Only one span is wanted from the lines below: from the one with "Благодарственное письмо от" up to and including the one with "软件产品收入实现较快增长。2". Copy it exactly, without images.

## Record set

···

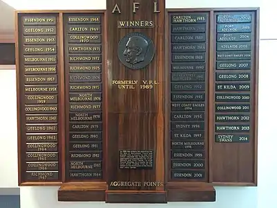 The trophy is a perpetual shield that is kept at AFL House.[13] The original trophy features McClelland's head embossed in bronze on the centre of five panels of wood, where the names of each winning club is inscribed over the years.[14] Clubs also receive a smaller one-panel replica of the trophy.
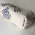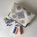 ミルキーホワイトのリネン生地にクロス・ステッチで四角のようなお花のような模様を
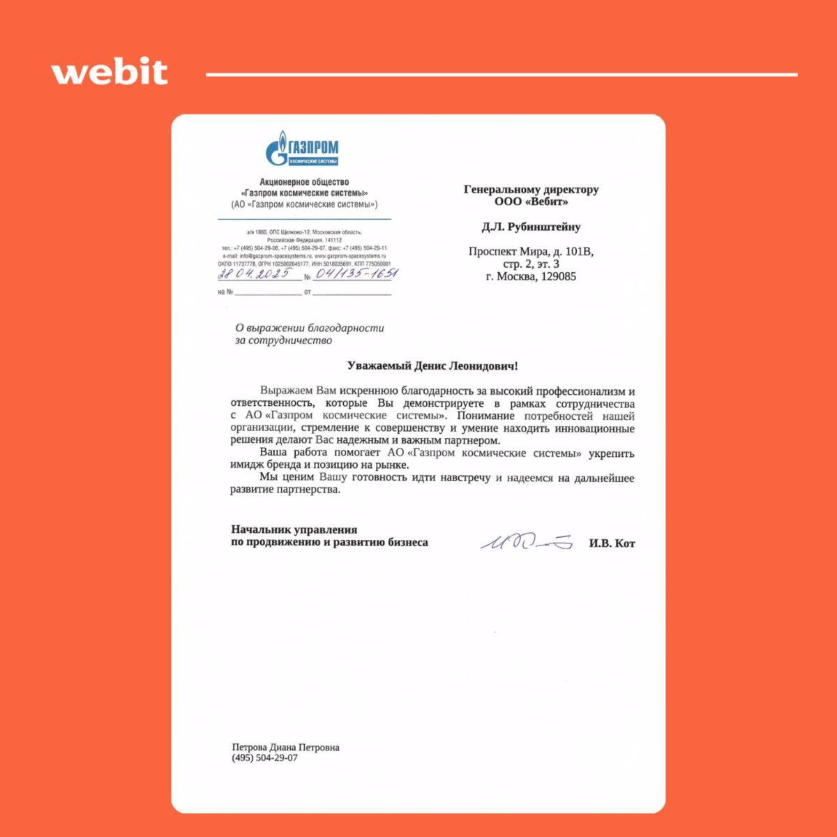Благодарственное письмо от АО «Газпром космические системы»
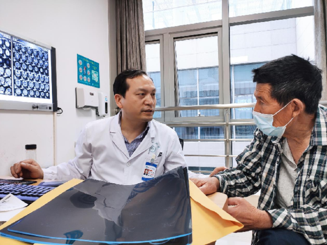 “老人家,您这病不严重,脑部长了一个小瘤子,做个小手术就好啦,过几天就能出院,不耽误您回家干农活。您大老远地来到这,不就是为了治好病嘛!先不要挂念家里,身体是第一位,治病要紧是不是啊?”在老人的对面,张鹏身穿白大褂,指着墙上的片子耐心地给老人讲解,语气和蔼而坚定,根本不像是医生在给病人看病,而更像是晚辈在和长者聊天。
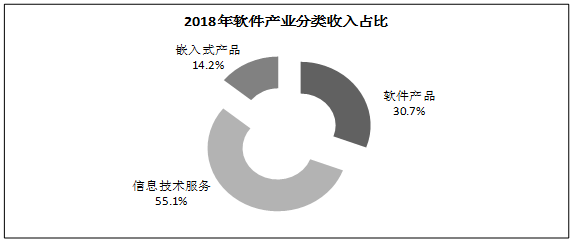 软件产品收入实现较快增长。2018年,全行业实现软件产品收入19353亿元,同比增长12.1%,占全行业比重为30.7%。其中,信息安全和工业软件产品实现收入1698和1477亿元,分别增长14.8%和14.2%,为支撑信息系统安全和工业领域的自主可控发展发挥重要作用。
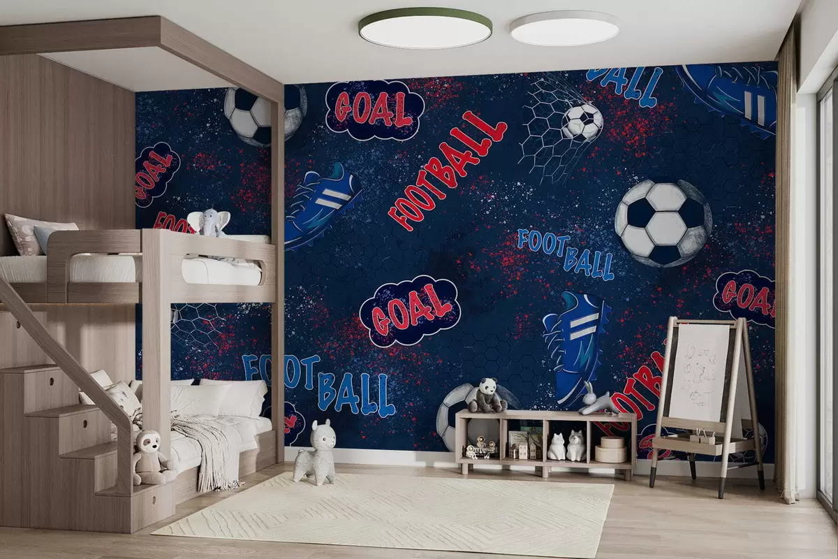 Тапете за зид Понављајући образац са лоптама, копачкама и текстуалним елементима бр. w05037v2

···

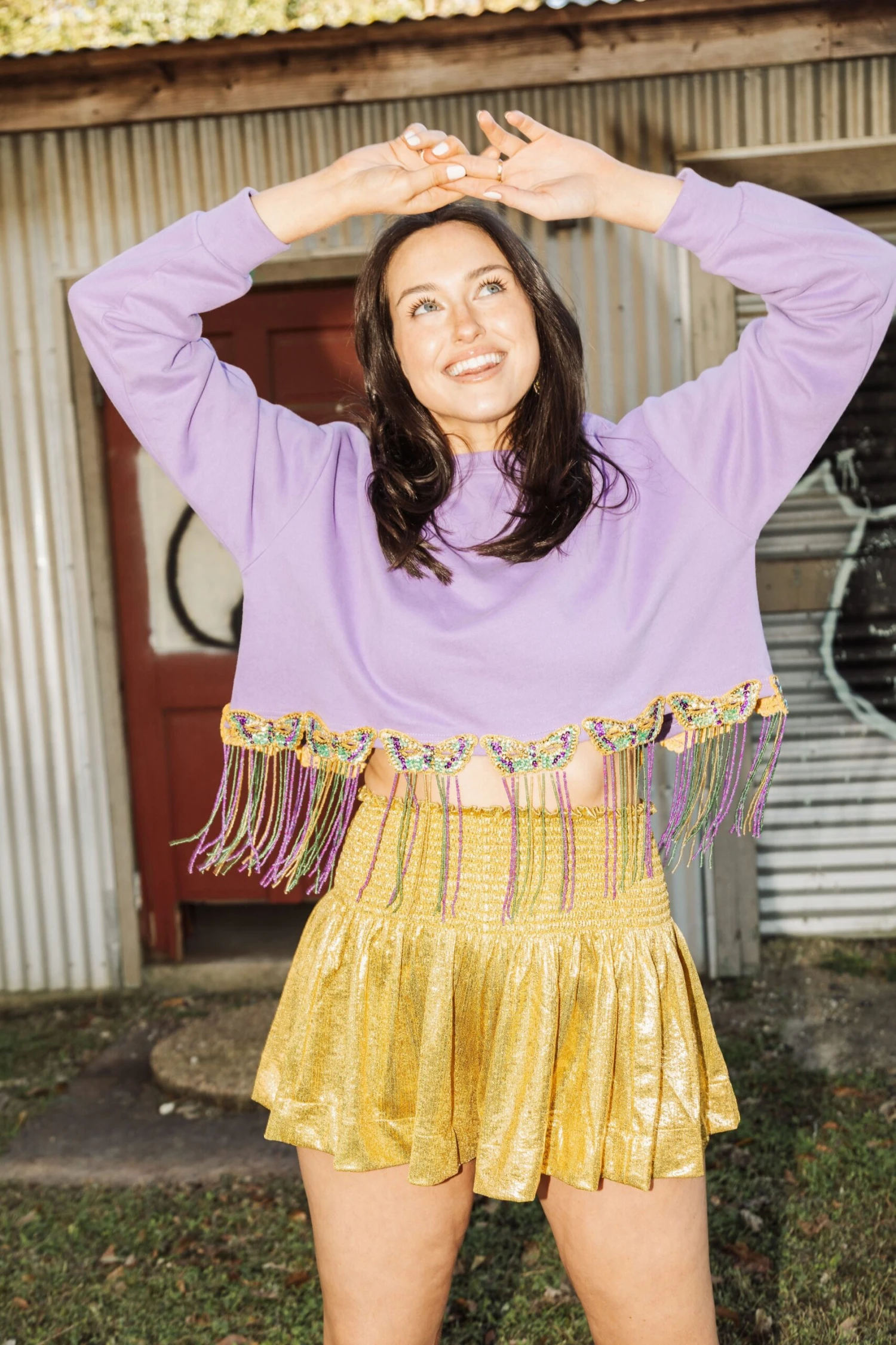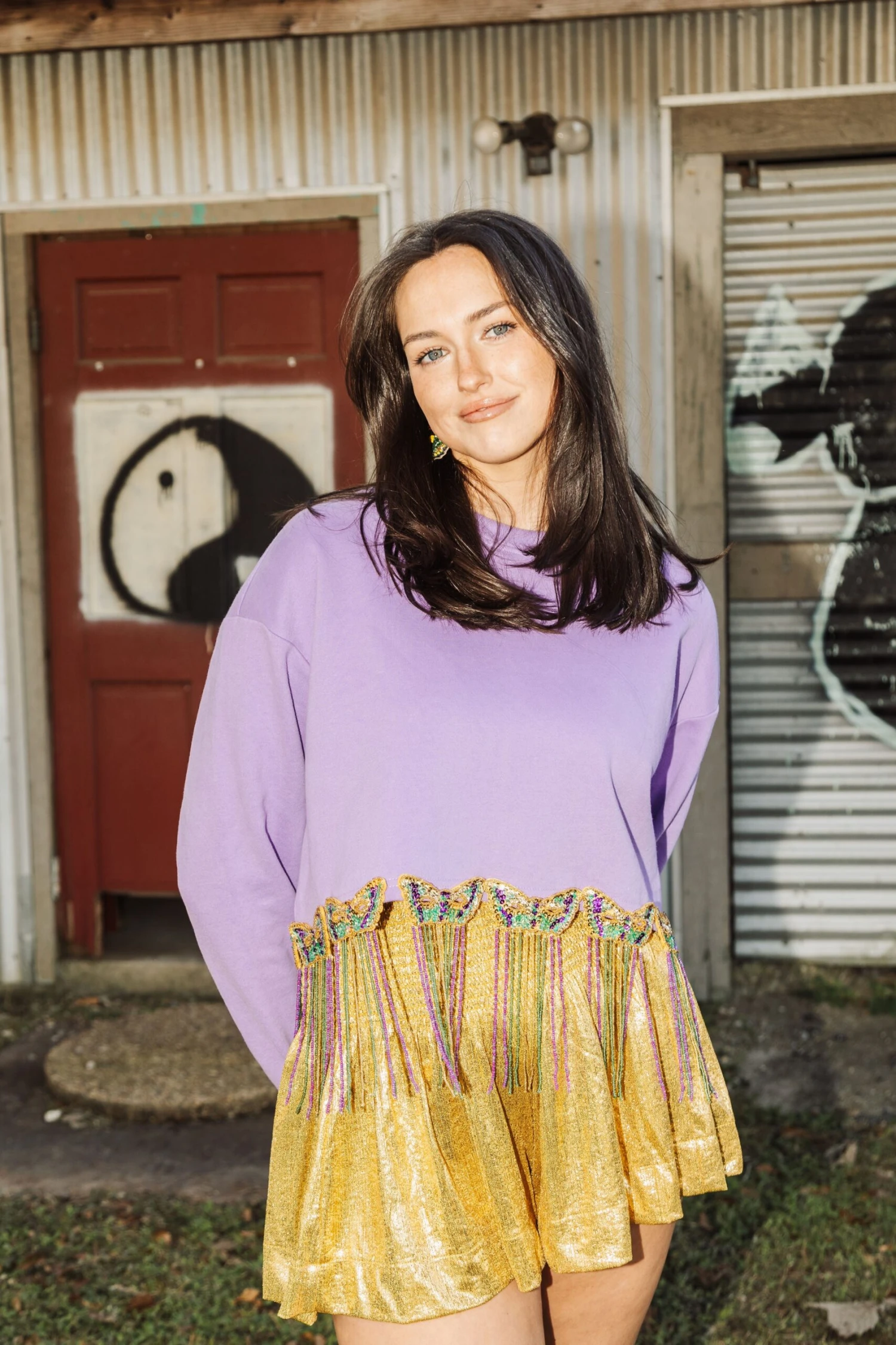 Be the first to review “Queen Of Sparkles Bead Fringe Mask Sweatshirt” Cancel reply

···

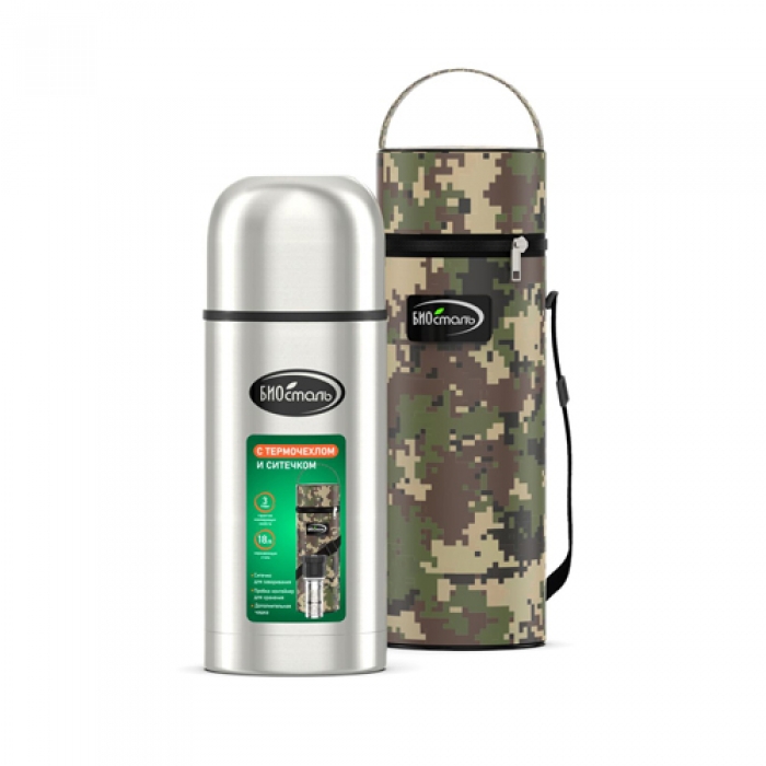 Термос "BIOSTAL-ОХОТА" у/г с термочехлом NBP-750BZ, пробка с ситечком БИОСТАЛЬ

···

## Expected answer
Благодарственное письмо от АО «Газпром космические системы»
 “老人家,您这病不严重,脑部长了一个小瘤子,做个小手术就好啦,过几天就能出院,不耽误您回家干农活。您大老远地来到这,不就是为了治好病嘛!先不要挂念家里,身体是第一位,治病要紧是不是啊?”在老人的对面,张鹏身穿白大褂,指着墙上的片子耐心地给老人讲解,语气和蔼而坚定,根本不像是医生在给病人看病,而更像是晚辈在和长者聊天。
 软件产品收入实现较快增长。2018年,全行业实现软件产品收入19353亿元,同比增长12.1%,占全行业比重为30.7%。其中,信息安全和工业软件产品实现收入1698和1477亿元,分别增长14.8%和14.2%,为支撑信息系统安全和工业领域的自主可控发展发挥重要作用。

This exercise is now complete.